Berdasarkan hasil analisis regresi berganda secara agregasi (keseluruhan model), debit aliran sungai selama periode 1985 – 2010 terus mengalami peningkatan. Pada tahun 1985, debit aliran sungai pada bendungan Katulampa

(TMA ≥ 80 cm) sebesar 1.716,65 m3

/dtk, tahun 1995 sebesar 2.666,22 m3/dtk, dan pada tahun 2010 sebesar 6.943,79 m3/dtk (Tabel Lampiran 5). Peningkatan debit aliran sungai tersebut dikarenakan meningkatnya konversi lahan bervegetasi permanen, seperti hutan lebat, menjadi lahan terbangun dan lahan pertanian (sawah, kebun campuran, kebun teh, dan tegalan atau ladang). Konversi ini menyebabkan semakin sedikit jumlah lahan yang memiliki kemampuan infiltrasi (daya serap air) tinggi, sebaliknya meningkatnya lahan terbangun dan lahan pertanian menyebabkan semakin banyak luasan lahan yang kedap terhadap air sehingga aliran permukaan di kawasan DAS Ciliwung Hulu terus meningkat dan berimplikasi pada meningkatnya debit aliran sungai setiap tahunnya. Konversi ini terjadi bersamaan dengan meningkatnya jumlah curah hujan tahunan DAS Ciliwung Hulu (1985 – 2010) sehingga debit aliran sungai DAS Ciliwung hulu semakin meningkat setiap tahunnya (Gambar 6). Curah hujan pada tahun 1985 sebesar 3.129 mm, tahun 1995 sebesar 3.903 mm, dan pada tahun 2010 meningkat menjadi 4.536 mm.
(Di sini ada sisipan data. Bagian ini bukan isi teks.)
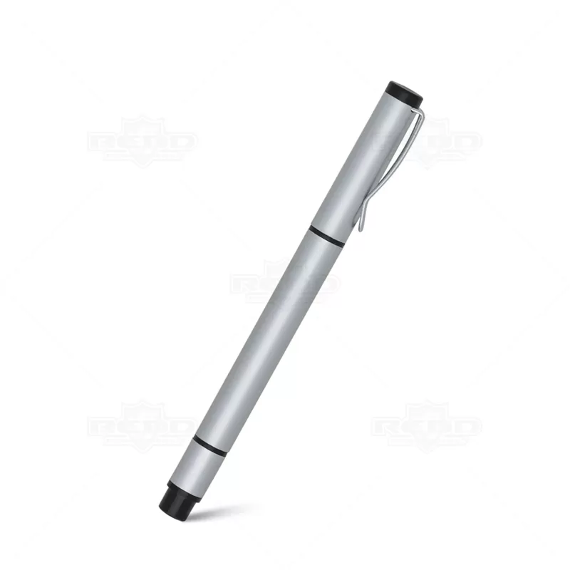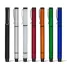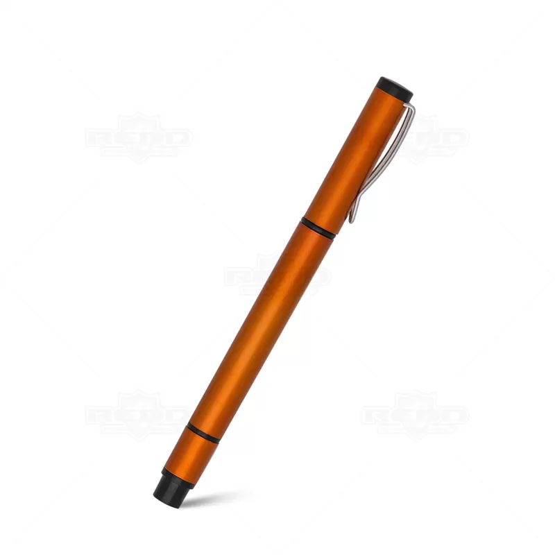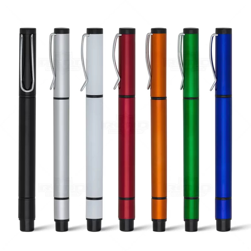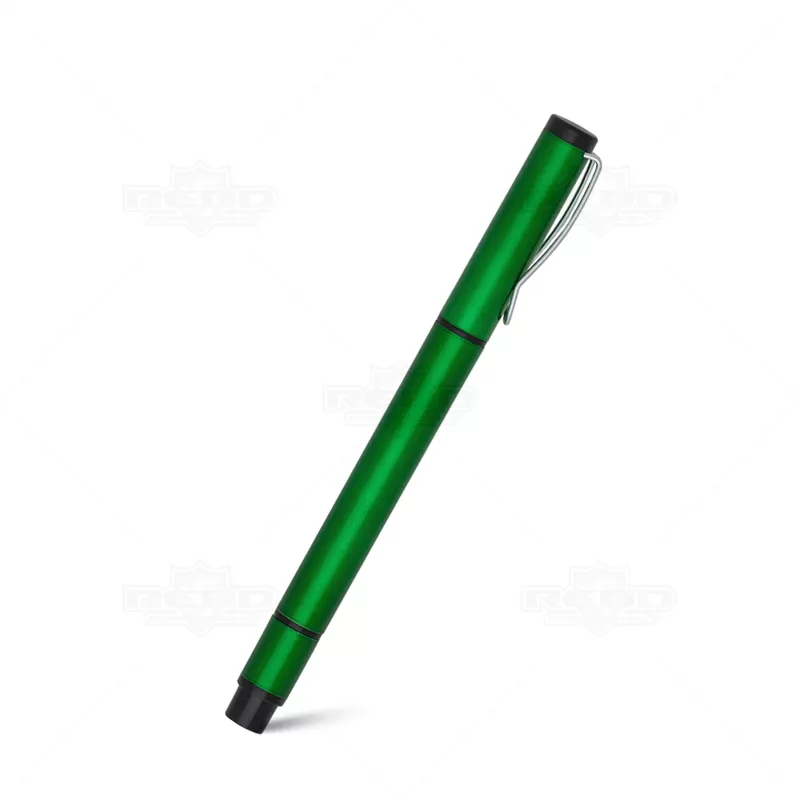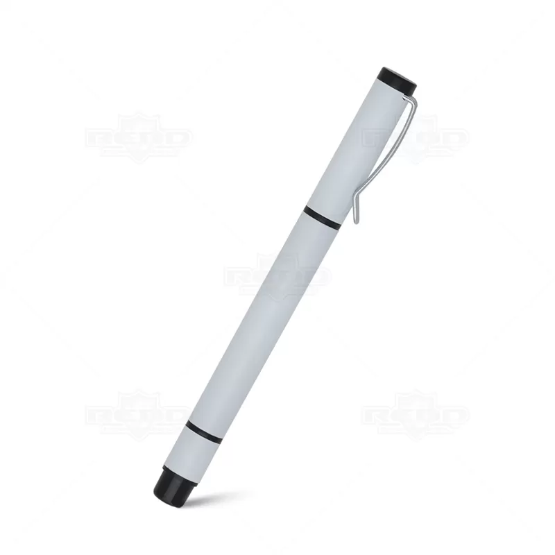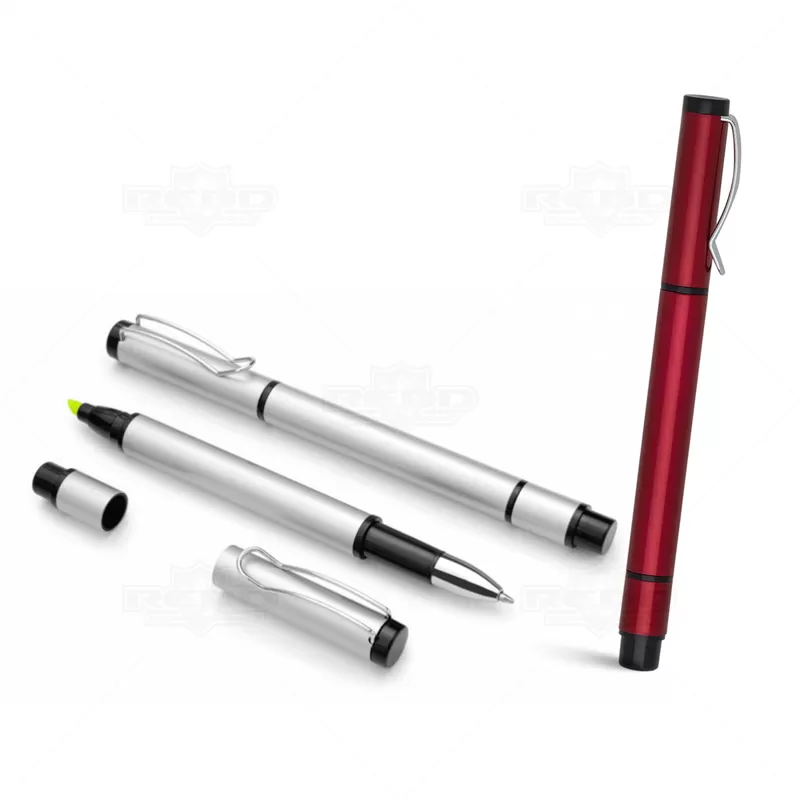 Caneta plástica personalizada com corpo e tampa plástica, possui clip de metal, marca texto na cor amarelo e escrita na cor azul. Ideal para eventos corporativos e brindes promocionais.
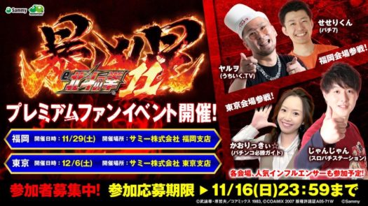 サミーは、2025年12月8日より導入予定のパチンコ新機種「e 北斗の拳11 暴凶星」のプレミアムファンイベントを東京・福岡の2会場で開催する。
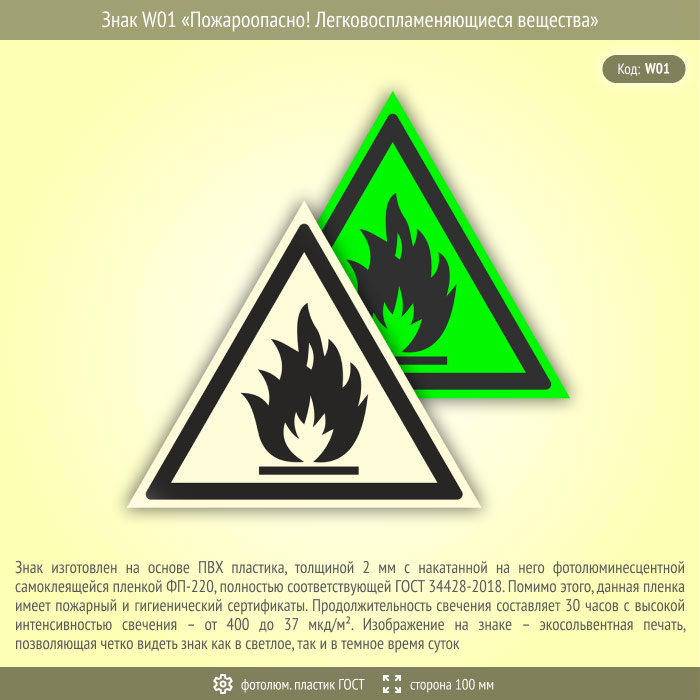 Знак W01 «Пожароопасно! Легковоспламеняющиеся вещества» (фотолюминесцентный пластик ГОСТ 34428-2018, сторона 100 мм) в Москве купить
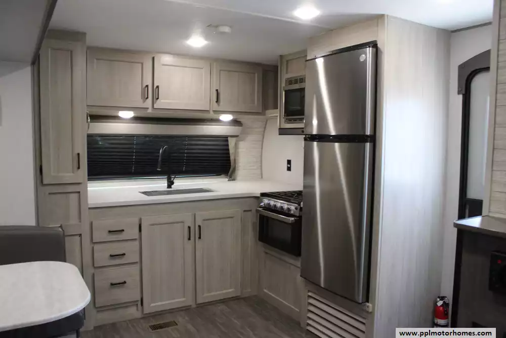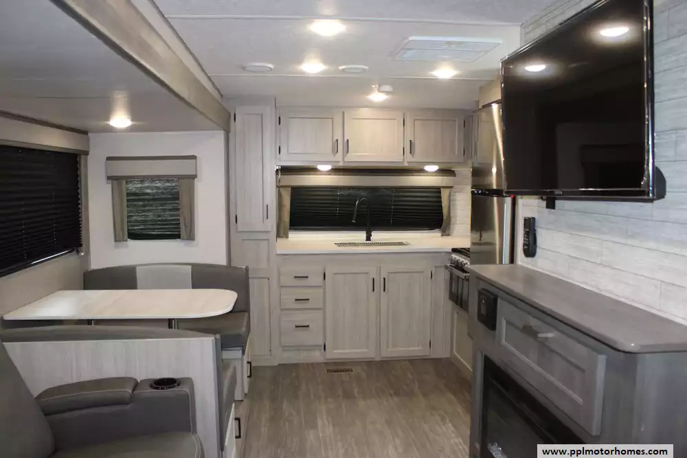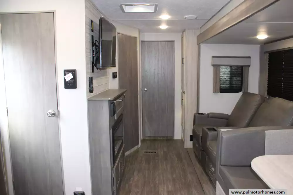 Specs: Length: 29.4 ft., Width: 8 ft., Height: 11.1 ft., Interior Height: 6.9 ft., Total Fresh Water Tank Capacity: 44 gal., Total Gray Water Tank Capacity: 60 gal., Total Black Water Tank Capacity: 30 gal., Number of Propane Tanks: 1, Total Propane Tank Capacity: 20 lbs.
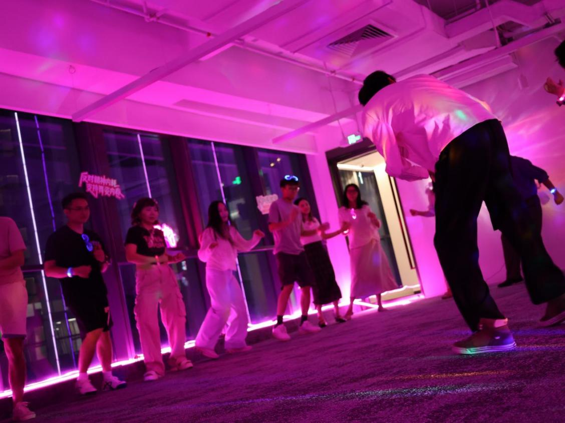 “来,大家试试牵起旁边朋友的手,跟着节奏跳起来!”在舞蹈老师的热情引导下,一场别开生面的“超PINK DISCO”舞会正在上演。参与活动的人群中,有在社区生活的业主,有刚下班的公司白领——此前,他们可能还是在金鹰里相遇不语的陌生人,此刻却因一段舞蹈成为了朋友。
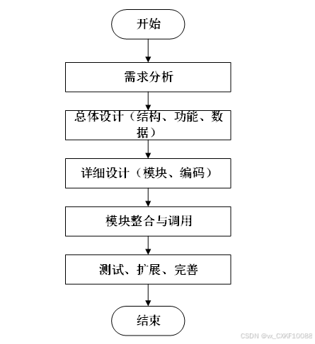 系统开发流程的主要步骤,从需求分析到系统完成的全过程。流程包括需求分析、总体设计(结构、功能、数据)、详细设计(模块、编码)、模块整合与调用,以及测试、扩展和完善,最终完成系统的开发。本系统的开发流程如图3-3所示

Keberagaman data yang dihasilkan model persamaan regresi berganda pada penelitian ini mampu menjelaskan koefisien determinasi atau variasi aktual sebesar 42,4 % (R2 = 0,424). Peubah – peubah penggunaan lahan dan curah hujan mampu menjelaskan perubahan debit aliran sungai sebesar 42,4 %. Sisa koefisien determinasi sebesar 53,8 % ditentukan oleh faktor – faktor lain di luar model yang tidak digunakan dalam penelitian ini. Hal ini menguatkan teori yang mengatakan bahwa masih terdapat faktor – faktor lain yang mempengaruhi perubahan debit aliran sungai, seperti kondisi tanah dan kondisi topografi sekitar DAS (Daerah Aliran Sungai) serta aspek sosial dan ekonomi yang harus diperhitungkan pengaruhnya terhadap aktivitas manusia di sekitar Daerah Aliran Sungai. Model yang dihasilkan dalam penelitian ini dapat dijadikan acuan dalam pendugaan

perubahan debit aliran sungai DAS Ciliwung Hulu karena model tersebut mempunyai taraf nyata (p-level = 0,013), di bawah taraf nyata (p-level = 0,05).